Agronomic Measurements in Sugarcane
Yields, peak aboveground biomass, and plant height varied with land use. These parameters were greater in plant cane (PC; from 2/6/2019 to 2/16/2020) than in first ratoon cane (FRC; from 2/17/2020 to 2/8/2021), further decreasing in second ratoon cane (SRC; from 2/9/2021 to 4/6/2022; Table 2). Stalk density was higher in PC followed by SRC and it was the lowest in FRC (Table 2). Crown diameter was similar throughout the duration of the study regardless of stand age (Table 2).
TABLE 2 Aboveground peak biomass, harvest, plant height, stalk density, and crown diameter in plant cane (PC), first ratoon cane (FRC), and second ratoon cane (SRC).

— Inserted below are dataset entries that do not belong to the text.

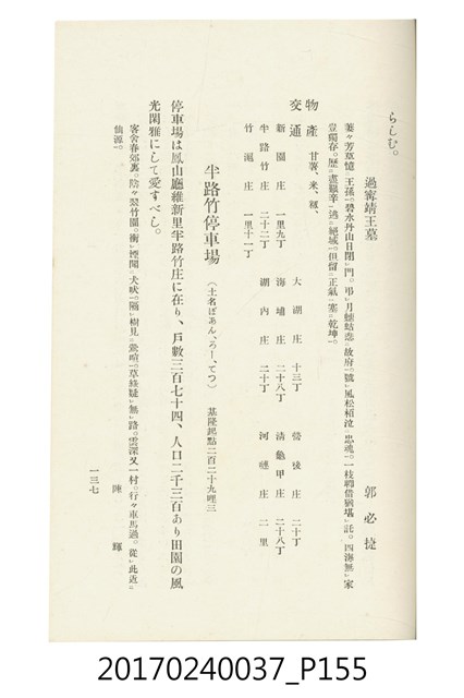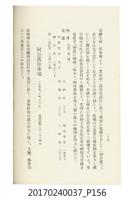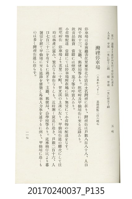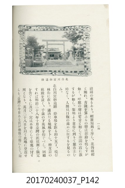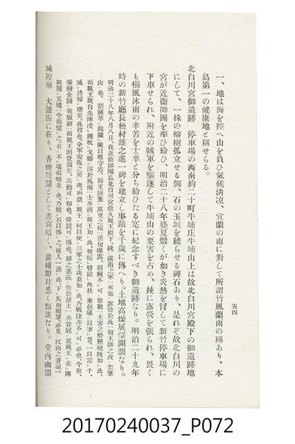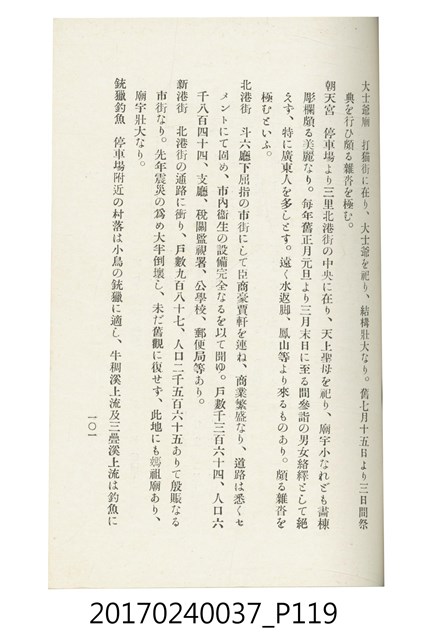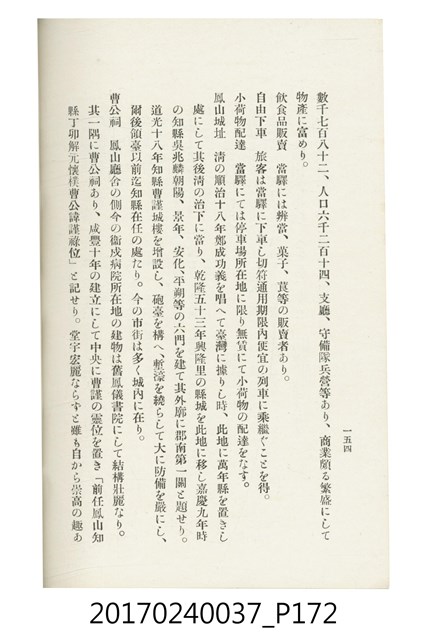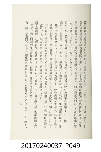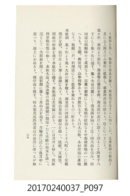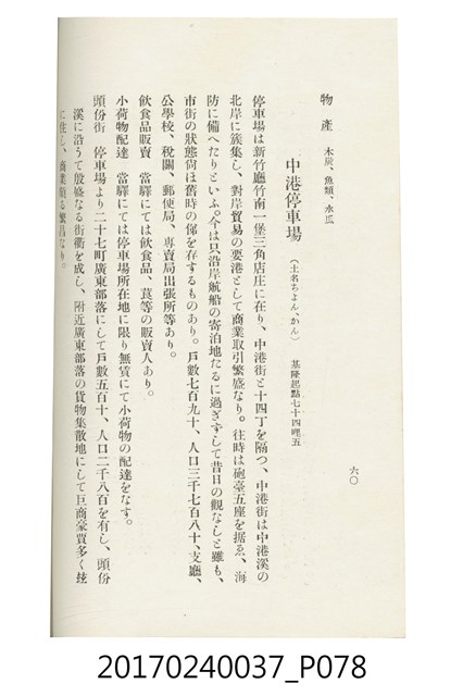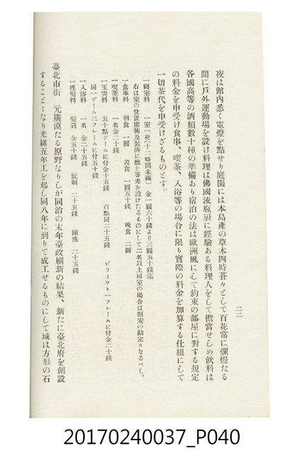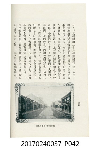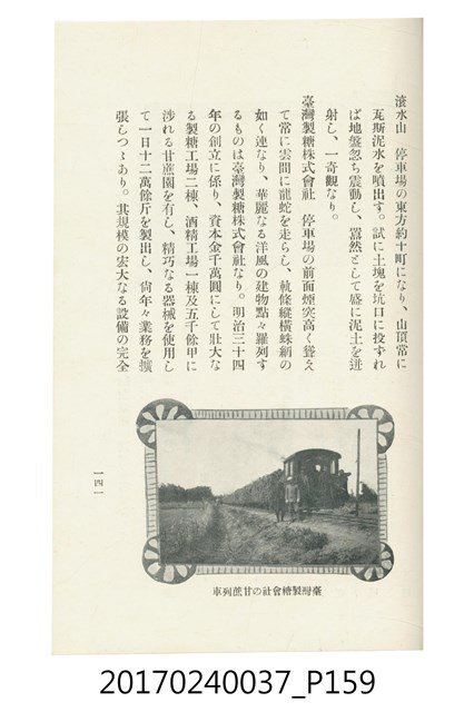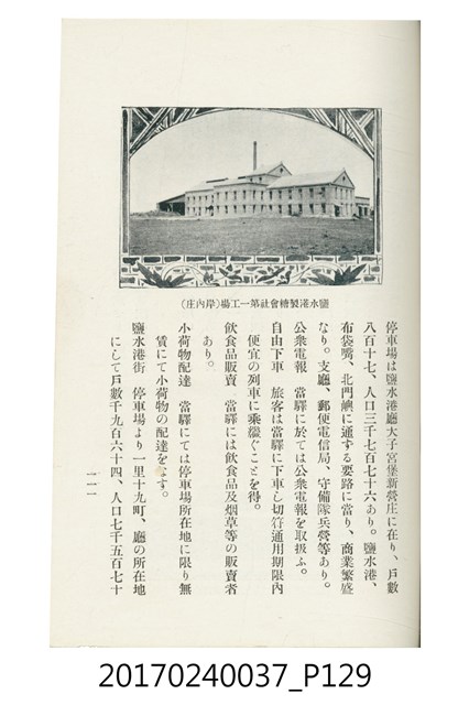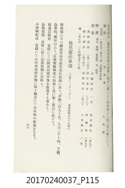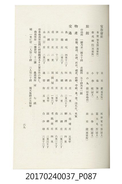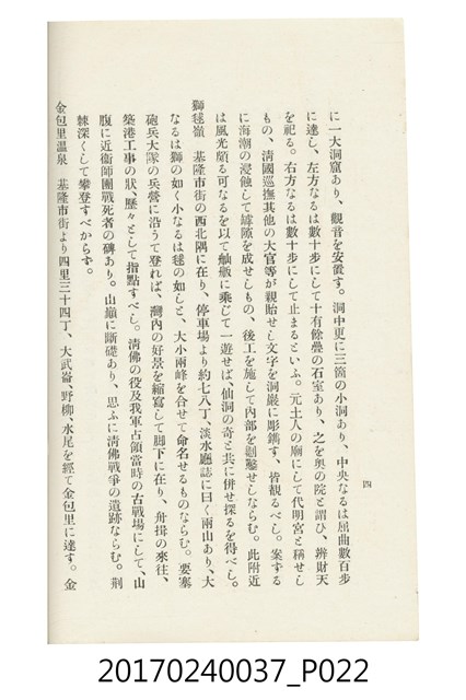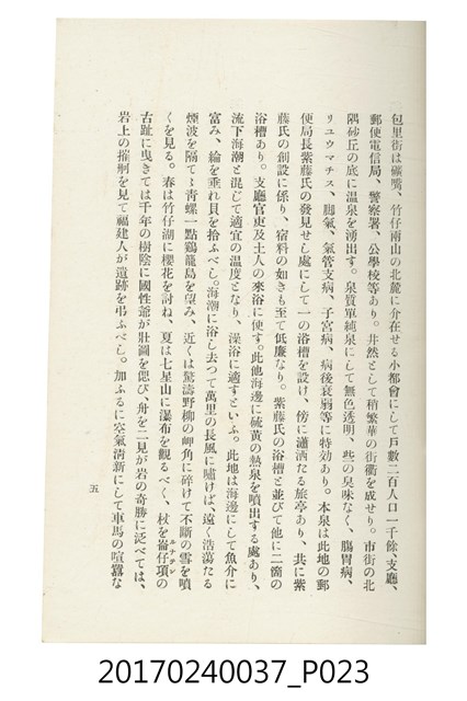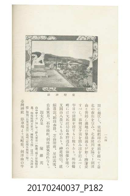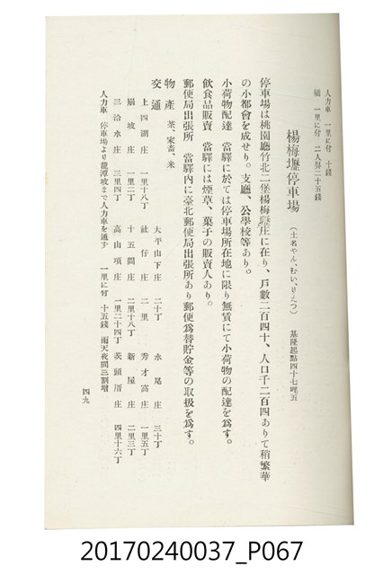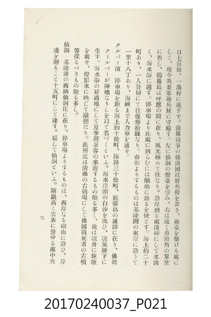 本文物為臺灣總督府鐵道部編的《臺灣鐵道名勝指南》,明治41年(1908年)發行,列出火車站名,基隆、八堵、七堵、五堵、永返腳、南港、錫口、臺北、艋舺、枋橋、樹林、山仔腳、鶯歌石、桃園、崁仔腳、中壢、安平鎮、楊梅壢、大湖口、紅毛田、新竹、香山、中港、造橋、後壠、苗栗、銅鑼灣、三叉河、後里庄、葫蘆墩、潭仔墘、臺中、烏日、大肚、彰化、茄苳腳、員林、社頭、田中央、二八水、林內、石榴班、斗六、他里霧、大菁林、打貓、嘉義、水堀頭、後?藔、新營庄、林鳳營、蕃仔田、灣裡、新市街、臺南、車路墘、中洲庄、太湖街、半路竹、阿公
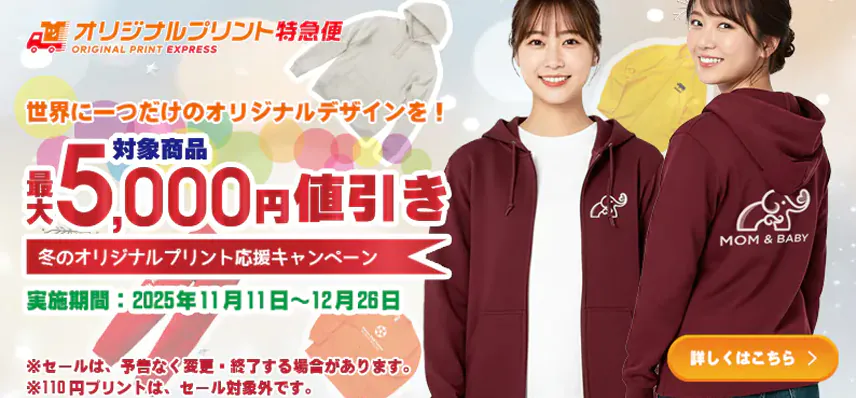 オリジナルプリント特急便では、幅広いサイズをご用意しております。レディースサイズからメンズの大きめサイズの3XL。そして、キッズサイズの110~150㎝といったお子さんのお遊戯会や運動会の出し物など、クラスで合わせた衣装が欲しいといった先生や保護者の方にもご利用いただいております。転写プリント・シルクスクリーン印刷といったクオリティーの高いプリントを施し、激安価格でプリントTシャツを制作させていただきます。
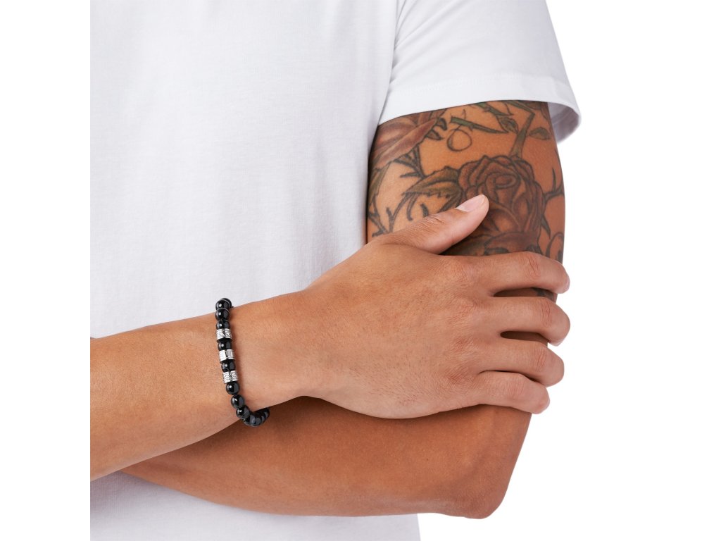 V náramku se potkávají dva typy korálků, ocelové s detaily a černé, které mu dodávají nádech elegance. Délka náramku jde přizpůsobit velikosti zápěstí.
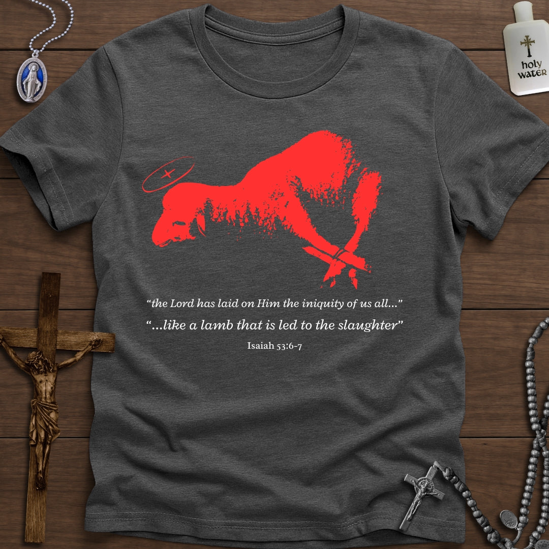This iconic t-shirt features a classic art piece, Agnus Dei by Francisco de Zurbarán, depicting a tied lamb being 'led to the slaughter'. The powerful imagery is complemented with text from Isaiah 53:6-7, making it a perfect conversation starter for those interested in art and biblical references.
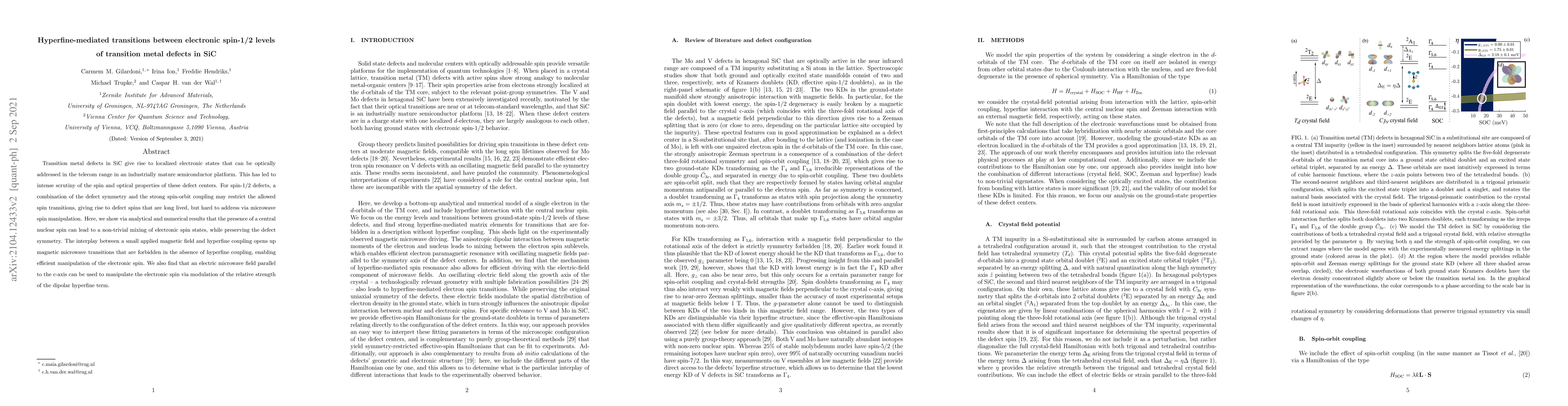 This research demonstrates that hyperfine coupling with nuclear spins in transition metal defects of SiC can mix electronic spin states, enabling microwave manipulation previously restricted. An applied magnetic or electric field parallel to the c-axis can further manipulate the electronic spin via hyperfine term modulation.
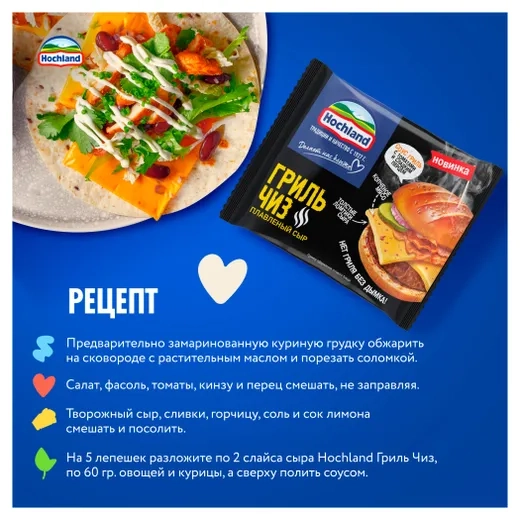 Плавленый сыр Hochland «Гриль Чиз» идеально подойдет для приготовления бутербродов и бургеров. Он отлично сочетается с мясом, курицей, зеленью, овощами, майонезом или соусом барбекю. Квадратный толстый ломтик сыра «Гриль Чиз» удобно помещается на хрустящем пшеничном тосте или сдобной булочке с кунжутом.
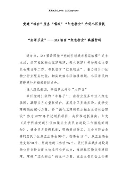 【七哥公文】2024年:党建“搭台”服务“唱戏”“红色物业”力促小区居民“安居乐业”——XXX培育“红色物业”典型材料+更多免费公文+VX:QiGeGongWen2024
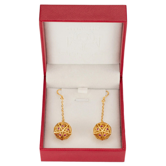 Dragon's Eye Gold w/ Ruby Red Gems Dice Earrings from Hymgho Premium Gaming with item number HYOJ002.
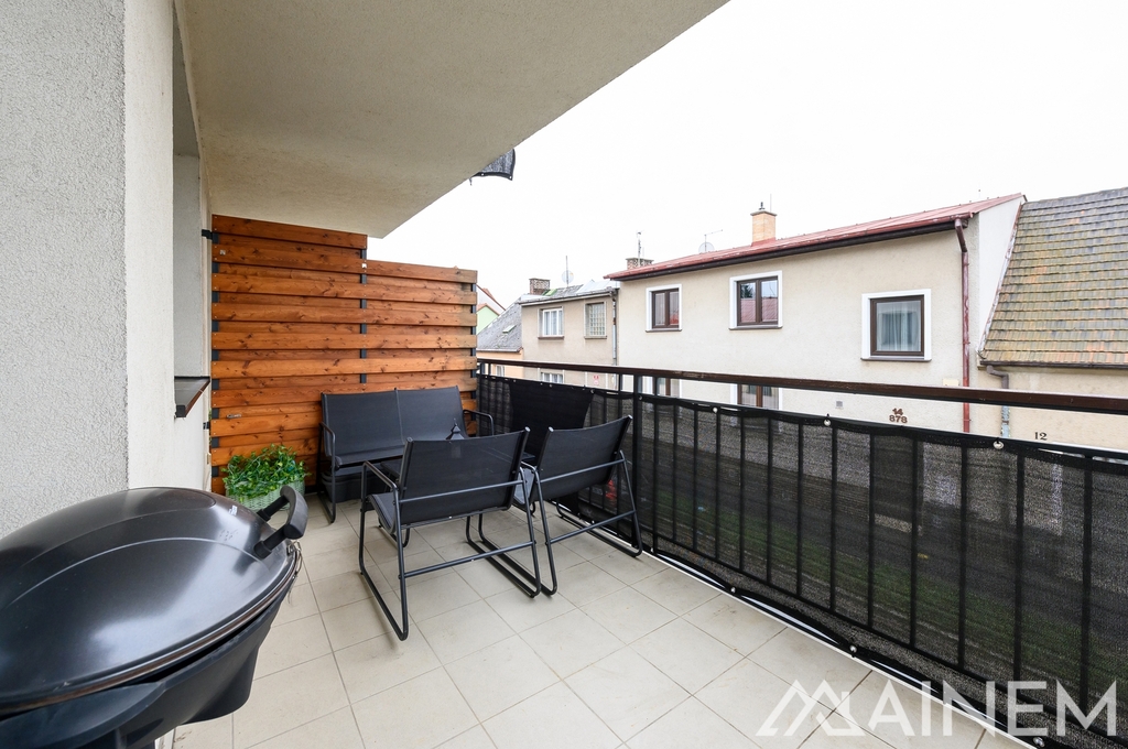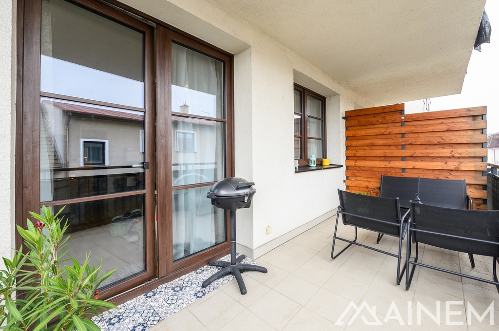 Byt se nachází ve 2. nadzemním podlaží novostavby z roku 2019. Díky své orientaci nabízí příjemně prosluněný obývací pokoj s kuchyňským koutem orientovaný na jih, zatímco ložnice a druhý pokoj směřují na sever. Součástí kuchyně je myčka, trouba, varná deska a digestoř. Hned vedle kuchyňské linky je vstup do spíže, kam lze umístit pračka se sušičkou. Součástí ložnice je prostorná šatna. V celém bytě je podlahové vytápění, přičemž zdrojem tepla a teplé vody je plynový kotel pro celý dům. Byt se dává do pronájmu bez vybavení. Veškeré vybavení na fotografiích je současných nájemců.
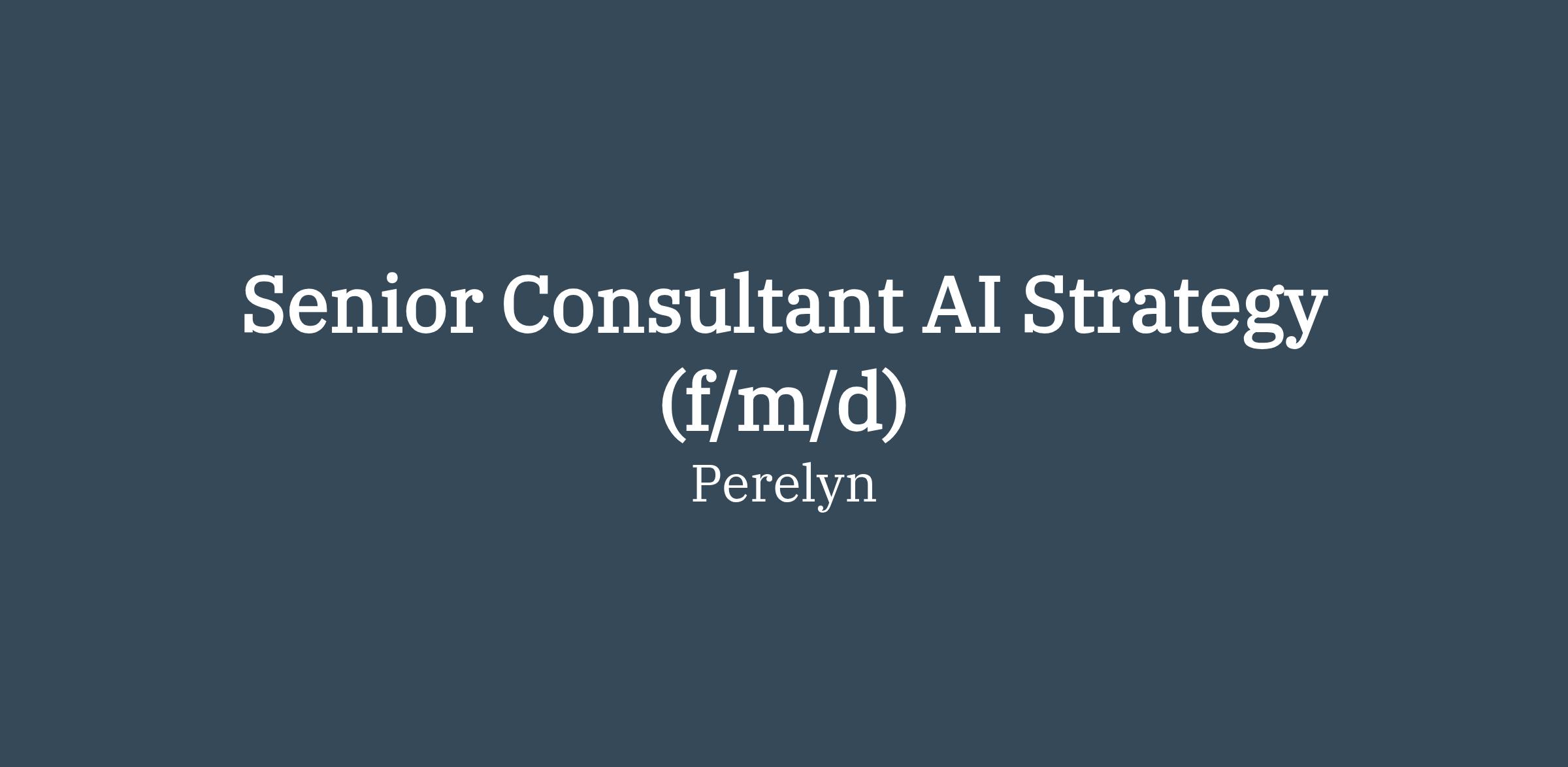 Then come and join Perelyn as Senior Consultant AI Strategy to support our customers in defining and implementing their AI strategy.

Aboveground peak biomass (ton DW ha−1) | Harvest (ton DW ha−1) | Plant height (m) | Stalk density (stalk m−2) | Crown diameter (cm) | |
PC | 44.2 ± 1.2a | 31.2 ± 0.9a | 5.1 ± 0.4a | 17.3 ± 1.0a | 12.1 ± 2.9a |
FRC | 34.5 ± 4.2b | 25.2 ± 3.1b | 4.3 ± 0.1b | 11.2 ± 1.2b | 8.8 ± 1.5a |
SRC | 20.7 ± 2.1c | 17.8 ± 2.5c | 3.8 ± 0.3c | 14.3 ± 1.3c | 8.3 ± 0.5a |
Net Ecosystem
While subject to substantial interannual variability, sugarcane overall was a stronger net CO2 sink than pastures over the years following conversion (Figure 3a–c; Table 3). Immediately after conversion, PC was a net source of CO2 while both pastures were sinks. However, both FRC and SRC were stronger net sinks of CO2 than pastures, increasing net C uptake by 873 more g C m−2 than IM pasture and 253 more g C m−2 than SN pasture on average.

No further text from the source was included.